> [Given information]
——
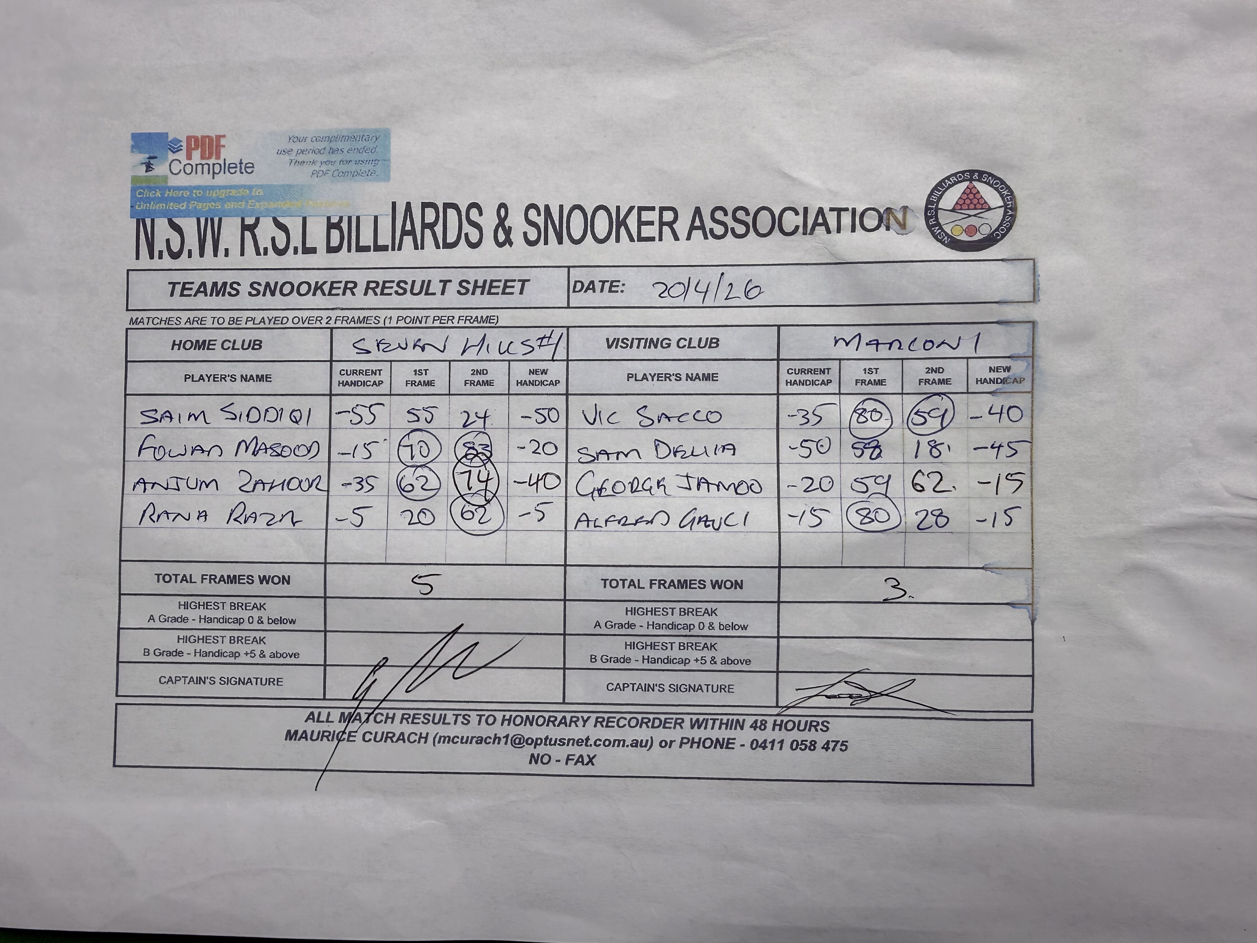 | Anjum Zahoor (-35) | George Jamoo (-20) | 2026-04-20 23:54:54 | Marconi | ||||||||||||||
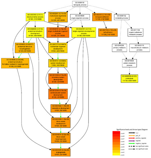 From the list of 225 significantly DEGs identified in the M-F vs. M-M comparison (Table S4), 59 genes did not have GO annotations. The GO analysis results of the upregulated genes in male metacarpal tissue (n = 108 with GO annotation) revealed 31 significantly enriched GO terms, whereas those upregulated in female samples (n = 58 with GO annotation) resulted only one GO term ‘Oxidoreductase activity, acting on paired donors, with incorporation or reduction of molecular oxygen’ (Table S7). The upregulated genes in males were significantly enriched in 18 biological processes, 10 molecular functions and 3 cellular component categories (Table S7). Out of the 18 biological processes, 9 GO terms were associated with developmental processes, such as ‘circulatory system development’, ‘cardiovascular system development’, ‘blood vessel development’, ‘vasculature development’, and ‘anatomical structure development’ (Figure 4). Moreover, the biological process GO terms, ‘cell adhesion’, ‘angiogenesis’, ‘blood vessel morphogenesis’, and ‘anatomical structure formation involved in morphogenesis’ were also significantly enriched in the upregulated DEGs in male metacarpal tissue.
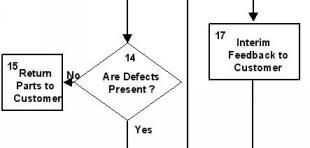 |  | 14. Are defects found? 15. No defects found, return to customer with supporting information. 16. Arrange replacement parts to be shipped to customer 17. Interim feed back with containment activities. 18. If sort is required, carry out at customer's site in house. 19. Raise concern summary sheet and issue to relevant supervisor. | |
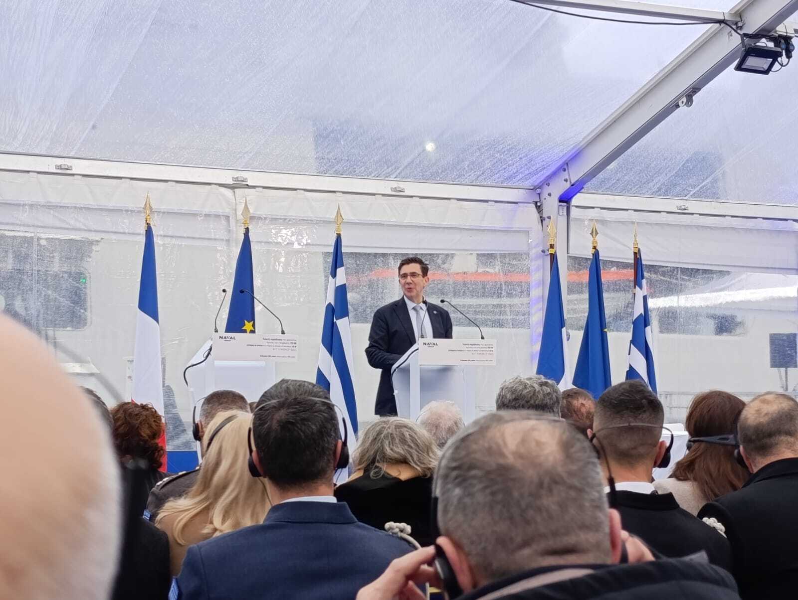 Η τελετή ονοματοδοσίας και ύψωσης της ελληνικής σημαίας λαμβάνει χώρα στο Λοριάν της Γαλλίας το μεσημέρι της Πέμπτης (18/12), παρουσία του υπουργού Εθνικής Άμυνας, Νίκου Δένδια, του υφυπουργού Εθνικής Άμυνας, Θανάση Δαβάκη, του Αρχηγού ΓΕΕΘΑ, στρατηγού Δημητρίου Χούπη, και του Αρχηγού ΓΕΝ, αντιναυάρχου Δημητρίου- Ελευθερίου Κατάρα.
——
> [What is needed] Copy the listing exactly. No images belong in the copy.

> [Task response]
 | Anjum Zahoor (-35) | George Jamoo (-20) | 2026-04-20 23:54:54 | Marconi | ||||||||||||||
 From the list of 225 significantly DEGs identified in the M-F vs. M-M comparison (Table S4), 59 genes did not have GO annotations. The GO analysis results of the upregulated genes in male metacarpal tissue (n = 108 with GO annotation) revealed 31 significantly enriched GO terms, whereas those upregulated in female samples (n = 58 with GO annotation) resulted only one GO term ‘Oxidoreductase activity, acting on paired donors, with incorporation or reduction of molecular oxygen’ (Table S7). The upregulated genes in males were significantly enriched in 18 biological processes, 10 molecular functions and 3 cellular component categories (Table S7). Out of the 18 biological processes, 9 GO terms were associated with developmental processes, such as ‘circulatory system development’, ‘cardiovascular system development’, ‘blood vessel development’, ‘vasculature development’, and ‘anatomical structure development’ (Figure 4). Moreover, the biological process GO terms, ‘cell adhesion’, ‘angiogenesis’, ‘blood vessel morphogenesis’, and ‘anatomical structure formation involved in morphogenesis’ were also significantly enriched in the upregulated DEGs in male metacarpal tissue.
 |  | 14. Are defects found? 15. No defects found, return to customer with supporting information. 16. Arrange replacement parts to be shipped to customer 17. Interim feed back with containment activities. 18. If sort is required, carry out at customer's site in house. 19. Raise concern summary sheet and issue to relevant supervisor. | |
 Η τελετή ονοματοδοσίας και ύψωσης της ελληνικής σημαίας λαμβάνει χώρα στο Λοριάν της Γαλλίας το μεσημέρι της Πέμπτης (18/12), παρουσία του υπουργού Εθνικής Άμυνας, Νίκου Δένδια, του υφυπουργού Εθνικής Άμυνας, Θανάση Δαβάκη, του Αρχηγού ΓΕΕΘΑ, στρατηγού Δημητρίου Χούπη, και του Αρχηγού ΓΕΝ, αντιναυάρχου Δημητρίου- Ελευθερίου Κατάρα.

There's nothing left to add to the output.